● COLLECTED DATA:

○ ○ ○ ○ ○ ○ ○

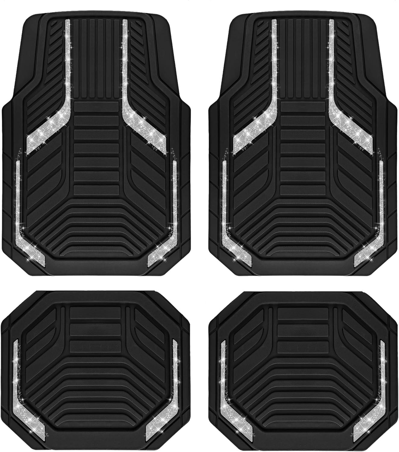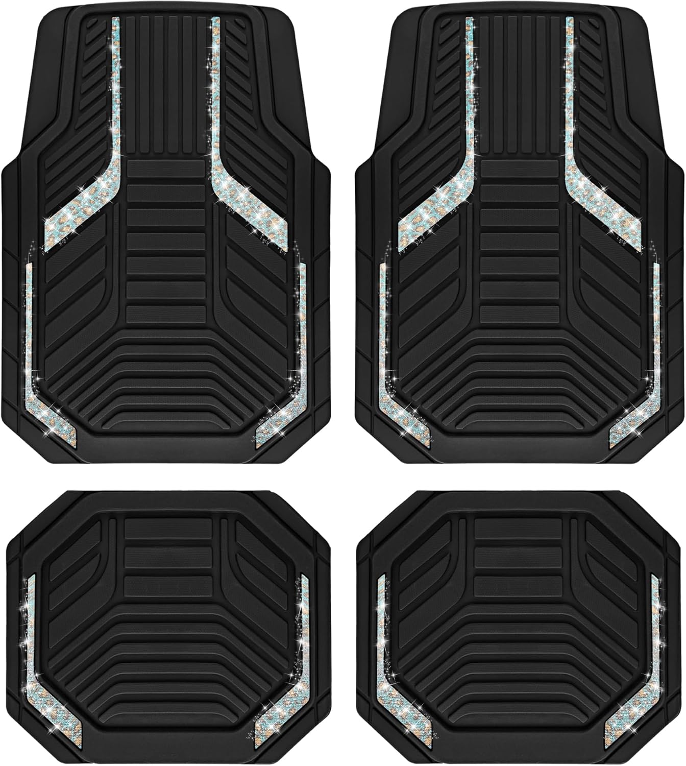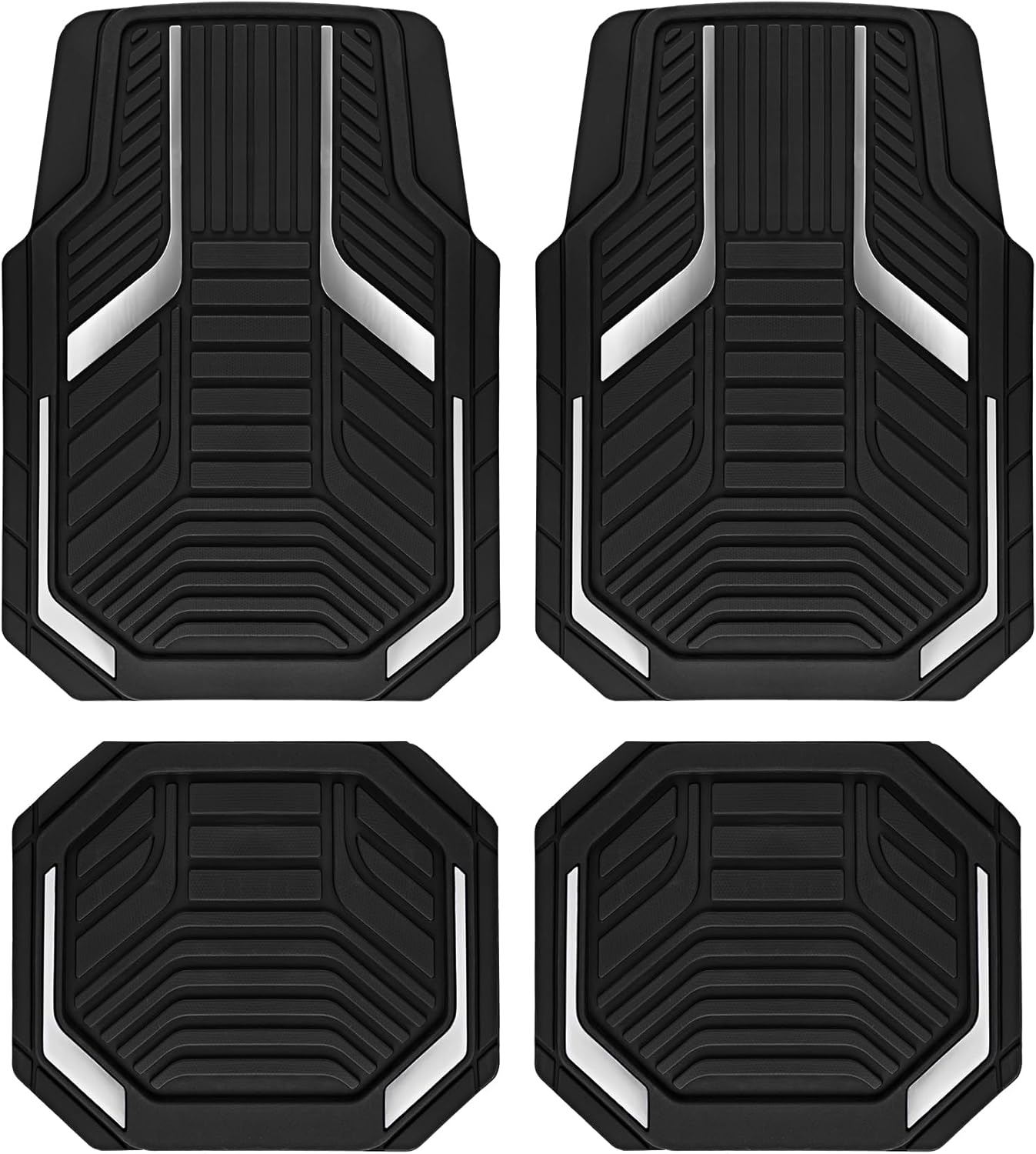 PIC AUTO Heavy Duty Rubber Floor Mats, Purple Aluminum Film Car Mats Set, Front and Rear Car Mats with Anti-Slip Backing, All Weather Protection, Trim-to-Fit for Automotive SUV, Sedan, Van
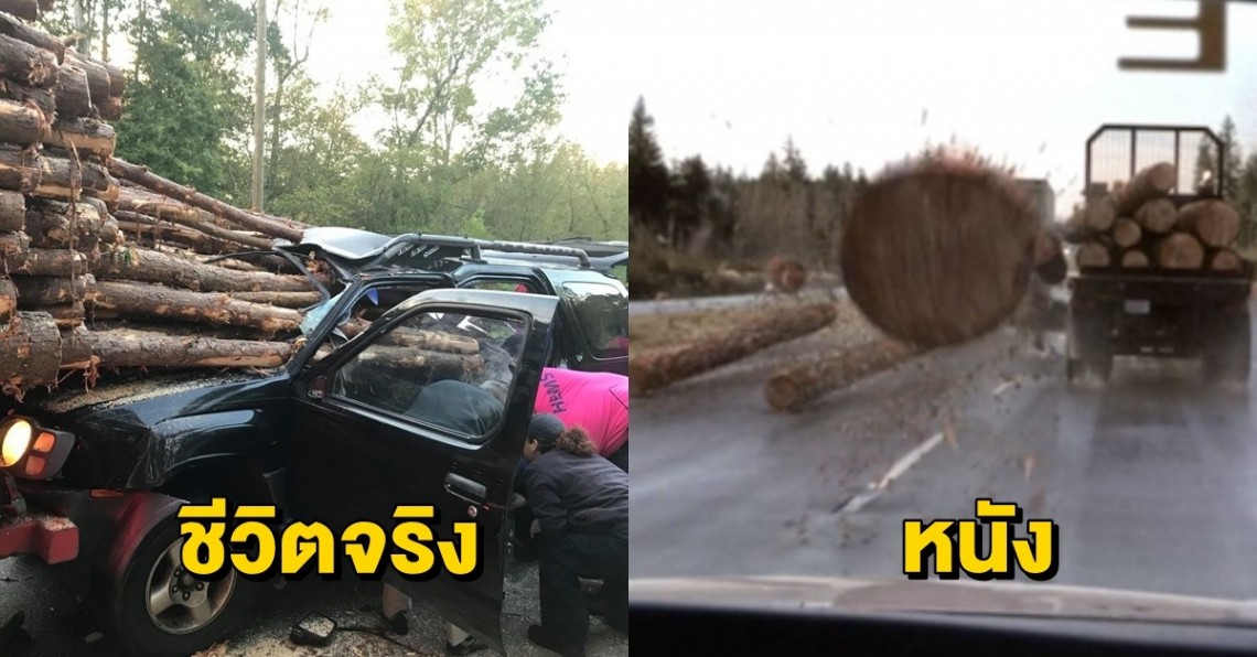 ท่อนซุงพุ่งทะลุกระจกรถ!! ฉากโหดเกิดขึ้นจริง
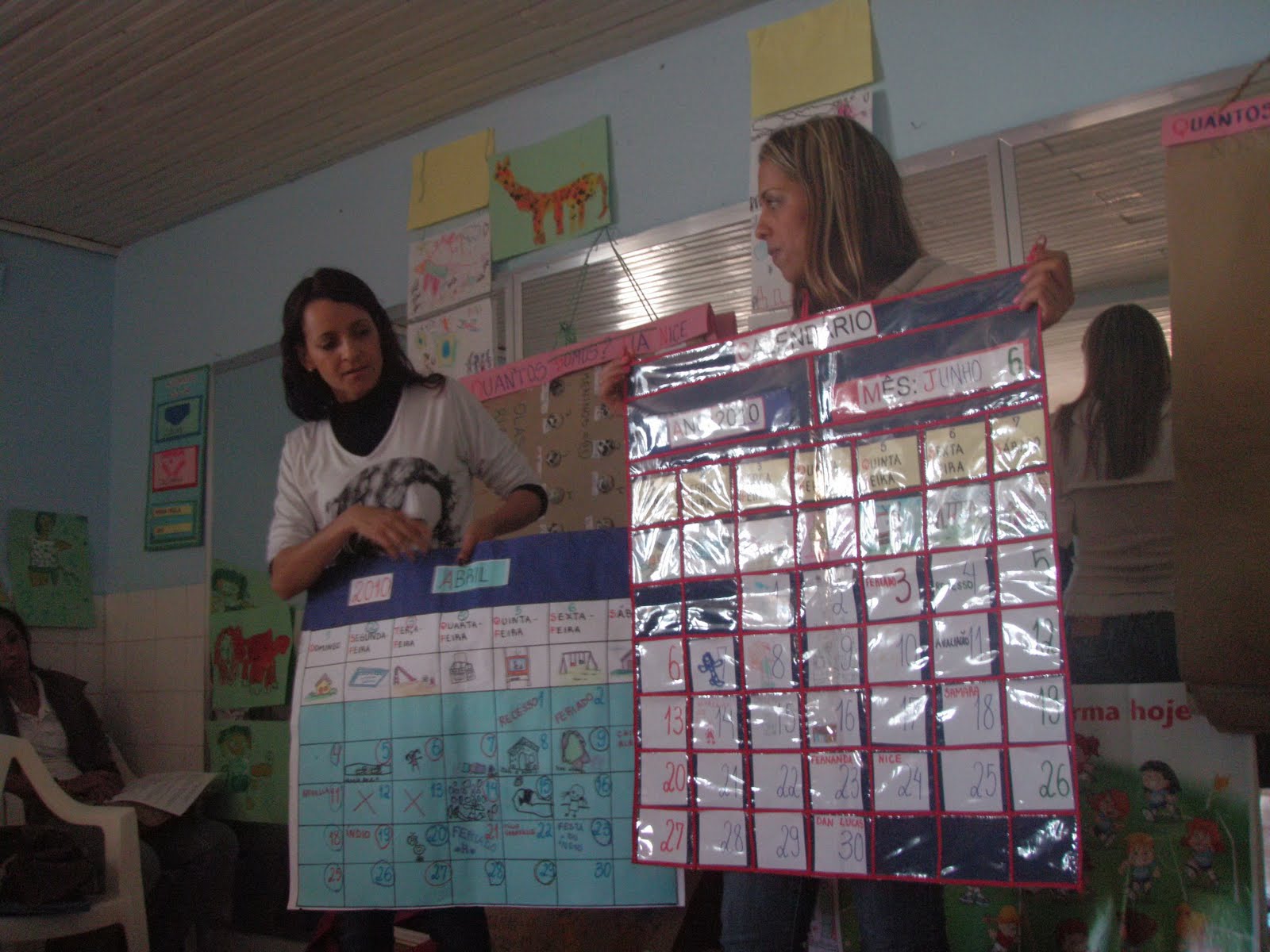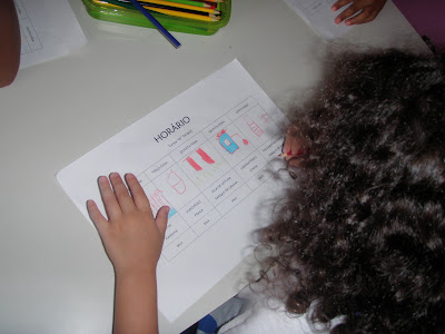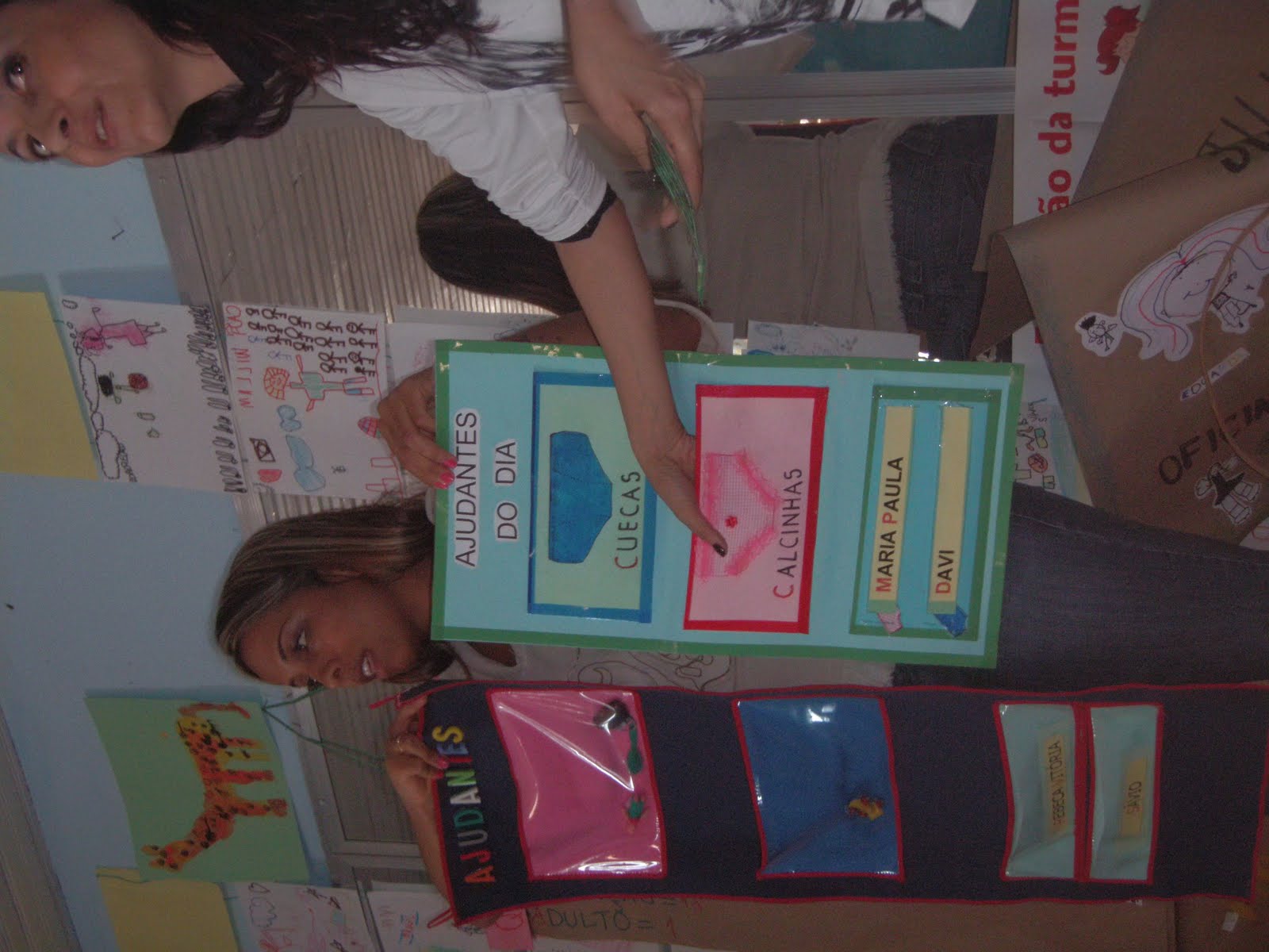 -Colocamos uma cadeira e o grupo do dia(1, por exemplo) vai até o "mini quadro de pregas" que fica na parte superior do quadro e monta sem nenhuma interferência o nome da escola.

○ ○ ○ ○ ○ ○ ○

No image belongs in the copy. Transcribe the full listing verbatim.

 PIC AUTO Heavy Duty Rubber Floor Mats, Purple Aluminum Film Car Mats Set, Front and Rear Car Mats with Anti-Slip Backing, All Weather Protection, Trim-to-Fit for Automotive SUV, Sedan, Van
 ท่อนซุงพุ่งทะลุกระจกรถ!! ฉากโหดเกิดขึ้นจริง
 -Colocamos uma cadeira e o grupo do dia(1, por exemplo) vai até o "mini quadro de pregas" que fica na parte superior do quadro e monta sem nenhuma interferência o nome da escola.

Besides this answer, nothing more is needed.